基因疗法正在卷土重来。基因疗法(此处定义为所有形式的基因组操纵)具有针对疾病病因和长期矫正的双重前景,对神经退行性疾病尤其有吸引力,而传统的药理学方法在很大程度上令人失望。最近,一种基于病毒载体的基因疗法在脊髓性肌萎缩症 (SMA) 中取得了成功——通过一次静脉注射促进存活和运动功能——为此类治疗干预提供了范例和平台。尽管挑战依然存在,但新的乐观情绪主要源于病毒载体的开发进展,这些载体可以在整个中枢神经系统中扩散基因,以及可以以以前不可能的方式操纵疾病途径的基因组工程工具。SMA 肯定不是唯一适合基因治疗的神经退行性疾病,我们可以想象未来临床医生的工具包将包括基于基因的疗法。本综述的目的是强调神经退行性疾病基因疗法的开发和应用进展,并对这一新兴领域进行前瞻性的展望。

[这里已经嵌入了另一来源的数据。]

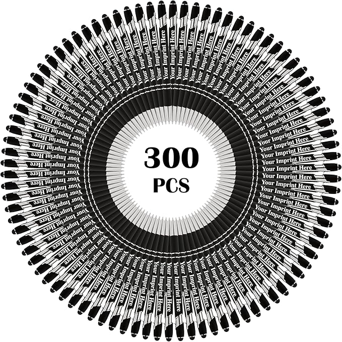 Up to 500 Pcs Custom Pens Bulk | Rainbow of Colors | Soft-Touch Metal Black Ink Personalized with Name or Message (Black, 300 pcs)

摘要 在经历了漫长而令人失望的曲折之后,基因组研究重新将罕见疾病视为改善医疗保健的重要机遇,也是了解基因和基因组功能的线索。在这期《CSH 罕见疾病分子案例研究》特刊中,几篇受邀观点、大量病例报告以及这篇社论本身都探讨了这一广泛领域的最新突破以及尚未解决的问题。这些问题包括无间隙诊断全基因组测序的激动人心的前景、与识别和区分致病和良性变异有关的持续存在的问题;从英国很快将不再是唯一将全基因组测序引入医疗保健的国家这一好消息,到令人警醒的结论:许多国家仍然缺乏将基因组医学带给患者的临床基础设施。由于与疾病密切相关的基因不到 5,000 个,识别至少两倍于此的疾病基因是一项重大挑战,而阐明它们的功能则是一项更大的任务。但鉴于人们对罕见疾病的新兴趣、其对医疗保健的重要性以及研究罕见疾病的概念和方法的广泛和不断增长,人类基因组研究的前景是光明的。

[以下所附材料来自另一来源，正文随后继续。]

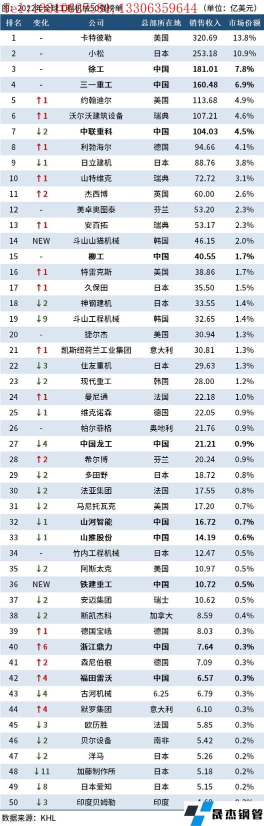 免責(zé)聲明:本網(wǎng)站(山東聊城晟杰無縫鋼管廠www.uldzz.cn)刊載的“2022全球工程機(jī)械50強(qiáng)榜單出爐,企業(yè)銷售額增超20%”等均源于網(wǎng)絡(luò),版權(quán)歸原作者所有,且僅代表原作者觀點(diǎn),本文所載信息僅供參考。轉(zhuǎn)載僅為學(xué)習(xí)與交流之目的,如無意中侵犯您的合法權(quán)益,請(qǐng)及時(shí)聯(lián)系刪除。本網(wǎng)站刊登此篇文章并不意味著本站贊同其觀點(diǎn)或證實(shí)其內(nèi)容的真實(shí)性,我們不對(duì)其科學(xué)性、嚴(yán)肅性等作任何形式的保證。如果侵犯了您的版權(quán),請(qǐng)盡快聯(lián)系我們予以撤銷,謝謝合作!

基因疗法正在为具有威胁生命,罕见状况的人们彻底改变医学,从而提供了更长,更健康的生活的潜力。在某些情况下,一次性治疗可以提供一生的利益。这些疗法应为患者,家人和更广泛的社会提供巨大的好处。基因疗法是疗法的集体名称,其中对患者的遗传物质进行修复或重组以进行治疗作用。基因治疗的概念是在其来源解决遗传问题。例如,如果在某个基因中(通常是隐性的)遗传性疾病A突变导致产生功能障碍蛋白质,则基因治疗可用于传递该基因的副本,该基因不含有害突变,从而产生功能性蛋白质。该策略称为基因替代疗法。基因疗法仍在研究庞贝疾病的研究中,尽管通过其他疾病的许可疗法,开发过程逐渐了解。研究和临床试验非常重要,而且非常有价值,可以长期确保这些疗法的安全性和功效。开发成功的庞贝疾病基因疗法可能需要几年的时间,该疾病可能会或可能无法达到当前的预期。

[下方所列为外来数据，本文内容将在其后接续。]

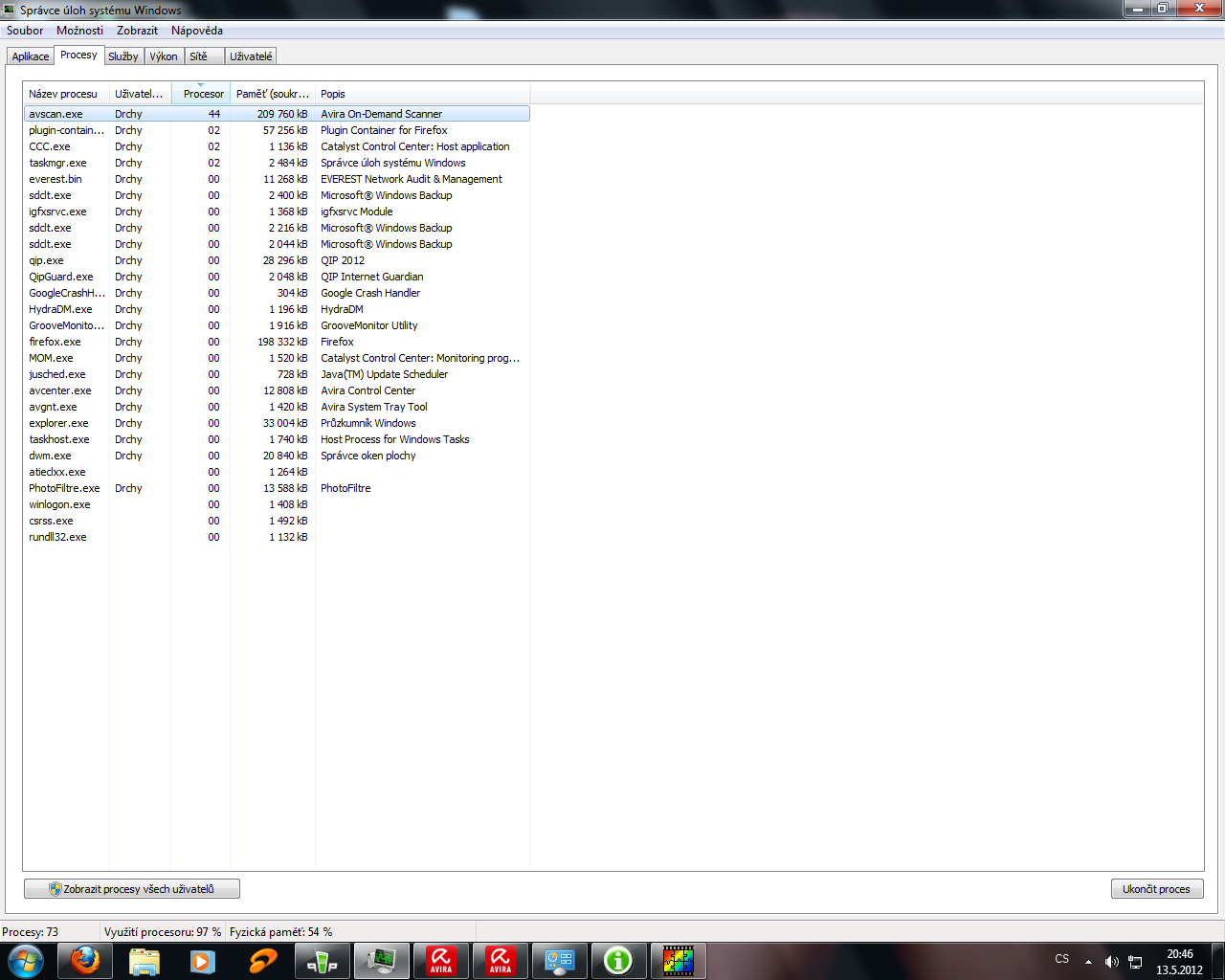 Tohle bere 44%, využití je na 97%, dej "Zobrazit procesy všech uživatelů" a tu kontrolu zruš, a dej log do sekce HiJackThis.

摘要 遗传性周围神经病 (IPN) 包括一组临床和遗传上异质性的疾病,这些疾病会导致周围自主神经、运动神经和/或感觉神经的长度依赖性退化。尽管对 100 多个已知相关基因的致病变异进行了金标准诊断测试,但许多 IPN 患者的遗传问题仍未得到解决。为患者提供诊断对于减少他们的“诊断之旅”、改善临床护理和提供明智的遗传咨询至关重要。在过去十年的大规模并行测序技术中,新描述的导致 IPN 发病的 IPN 相关基因变异数量迅速增加。然而,由于缺乏支持潜在新基因变异的其他家族和功能数据,延长了患者的诊断不确定性,并导致 IPN 的遗传性缺失。我们回顾了过去十年的 IPN 疾病基因发现,以强调导致 IPN 发病的新基因、结构变异和短串联重复扩增。根据所学到的经验教训,我们在预测未来的同时提供了对 IPN 研究的愿景,并提供了我们提出的将加快未解决的 IPN 家族的基因诊断的新兴技术、资源和工具的示例。
鉴于Z-DNA的作用,鉴于其染色性质仍然具有挑战性。在这里,我们对在实验鉴定的Z-DNA形成序列(Z-lipons)上训练的DNABERT变形金刚算法进行全基因组审查。该算法对现有方法产生了较大的性能增强(F1 = 0.83),并实现了计算诱变,以实现基础替代对Z-DNA形成的影响。我们表明Z- iPons富含启动子和端粒,过度扎根定量性状基因座,用于RNA表达,RNA编辑,剪接和与疾病相关的变体。我们在许多正交数据库和定义的junction基序中进行了跨估算。令人惊讶的是,我们描述的许多效果可能是通过Z-RNA形成介导的。在Scarf2,Smad1和Cacna1转录本中鉴定了共享的Z-RNA图案,而非编码RNA中存在其他基序。我们为Z-RNA折叠提供了证据,该折叠通过替代krab域锌纤维蛋白的剪接来促进适应性免疫。对OMIM和推定的GNOMAD功能丧失数据集的分析表明,Z流iPon的重叠在8.6%和2.9%的Mendelian病基因中,Mendelian疾病基因的重叠,大大扩展了映射到Z- iPons的表型的范围。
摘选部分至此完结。